III. The Polo Family. Personal History of the Travellers down to their final Return from the East.
13. In days when History and Genealogy were allowed to draw largely on the imagination for the origines of states and families, Alleged origin of the Polos.it was set down by one Venetian Antiquary that among the companions of King Venetus, or of Prince Antenor of Troy, when they settled on the northern shores of the Adriatic, there was one Lucius Polus, who became the progenitor of our Traveller’s Family;[1] whilst another deduces it from Paolo the first Doge[2] (Paulus Lucas Anafestus of Heraclea, A.D. 696).
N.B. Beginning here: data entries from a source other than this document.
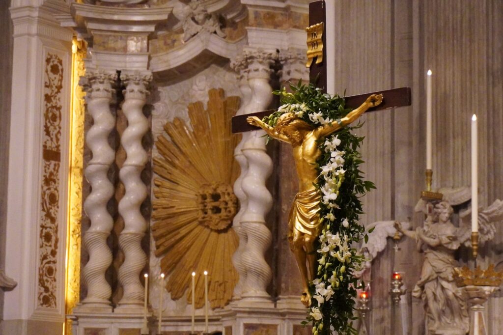 Eccola, la campana. Dalla sagrestia la processione di casule bianche è preceduta dalla grande croce nera fiorita, con il crocifisso dorato, che ha accompagnato il Giubileo nella Cattedrale udinese.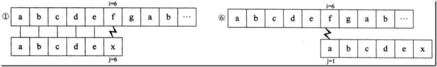 主串s=“abcdefgab”模式串p=“abcdex”,也就是上面的图中所示的问题。对于这个例子不难发现,模式串的首字母“a”与后面的串“bcdex”中的任意一个字符都不相等,那么对于①中所示的那样,前五位字符分别与主串匹配成功。也就是说模式串的首字符“a”不可能与主串的第2位到第5位的字符相等。也就是说②③④⑤的判断是多于的。所以只需要保留①⑥就可以了。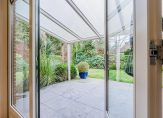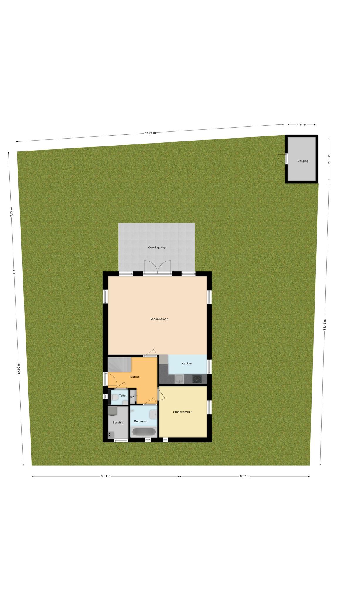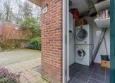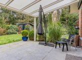Beschutte tuin met veel privacy. Voorzien van een overkapping waardoor je zowel heerlijk kunt genieten van de zon als van de schaduw. Daarnaast is er een houten berging aanwezig voor extra opslagruimte.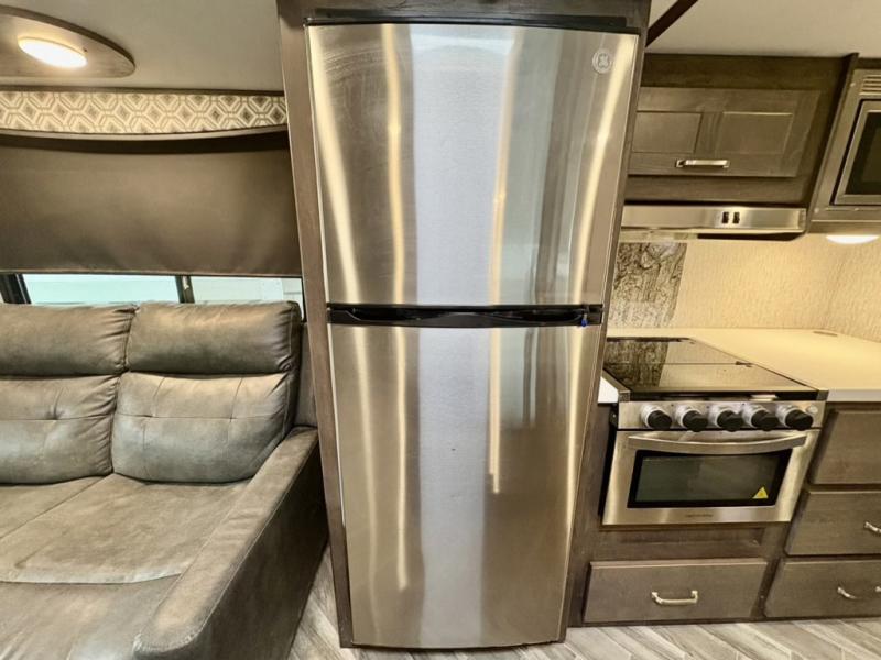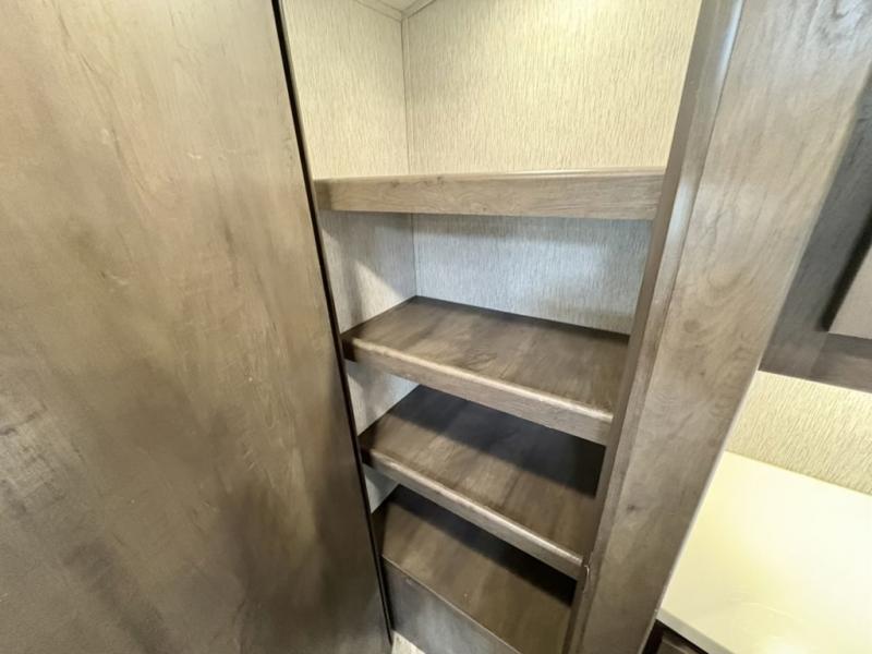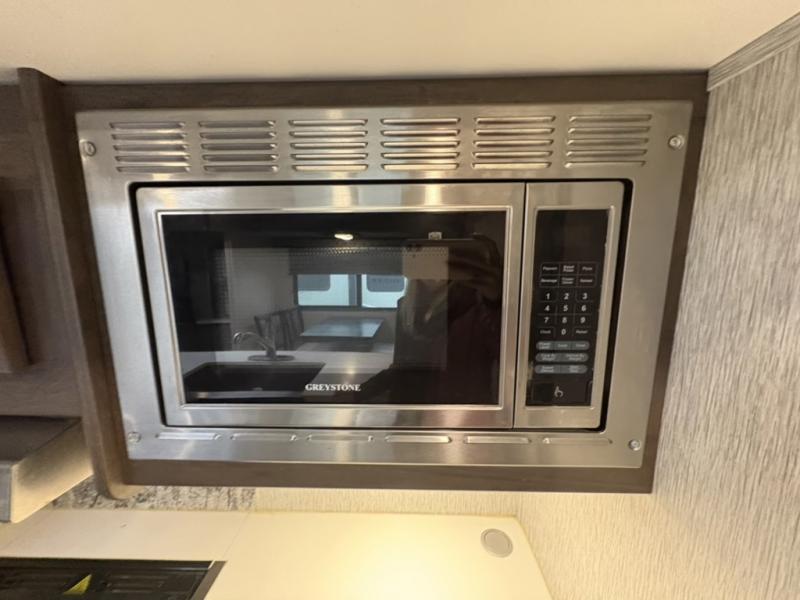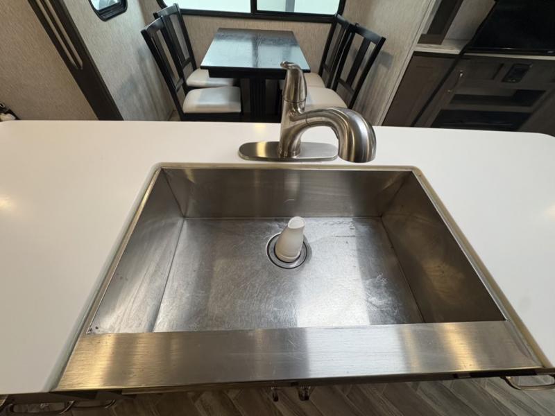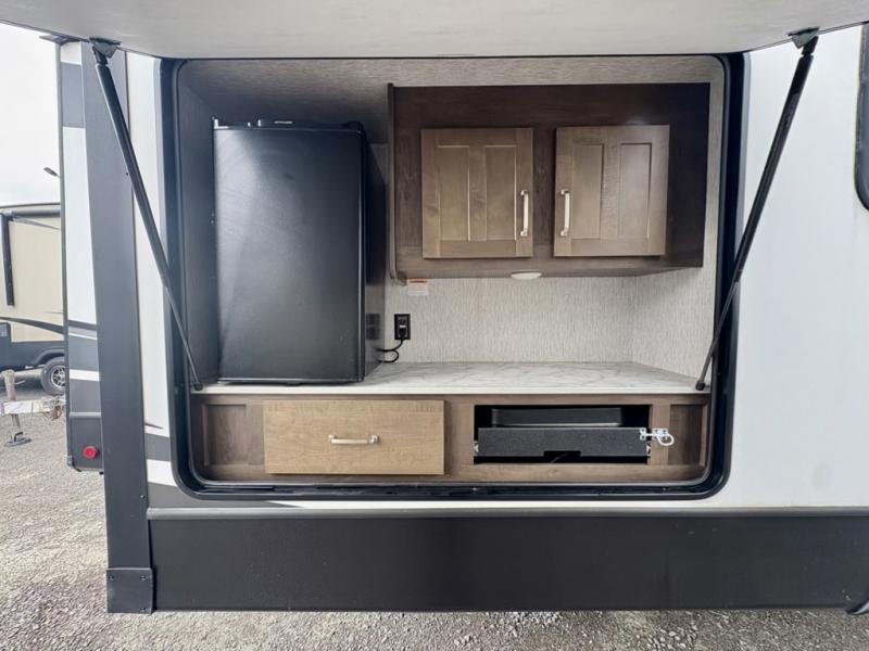 A fun time will be had by all in this Astoria travel trailer! You will be able to whip up dinner quickly and effortlessly with the three-burner range and 17" oven, and dishes will be easy to do in the large sink with a high-rise sprayer faucet at the island. Plus, your family can even sit down on the theater seating or tri-fold sofa to chat with you while you prep. You could also take your skills outside to the outdoor kitchen while you spend some time underneath the 12' power awning with LED lights.

More trustworthy traditions, recorded among the Family Histories of Venice, but still no more it is believed than traditions, represent the Family of Polo as having come from Sebenico in Dalmatia, in the 11th century.[3] Before the end of the century they had taken seats in the Great Council of the Republic; for the name of Domenico Polo is said to be subscribed to a grant of 1094, that of Pietro Polo to an act of the time of the Doge Domenico Michiele in 1122, and that of a Domenico Polo to an acquittance granted by the Doge Domenico Morosini and his Council in 1153.[4]
The ascertained genealogy of the Traveller, however, begins only with his grandfather, who lived in the early part of the 13th century.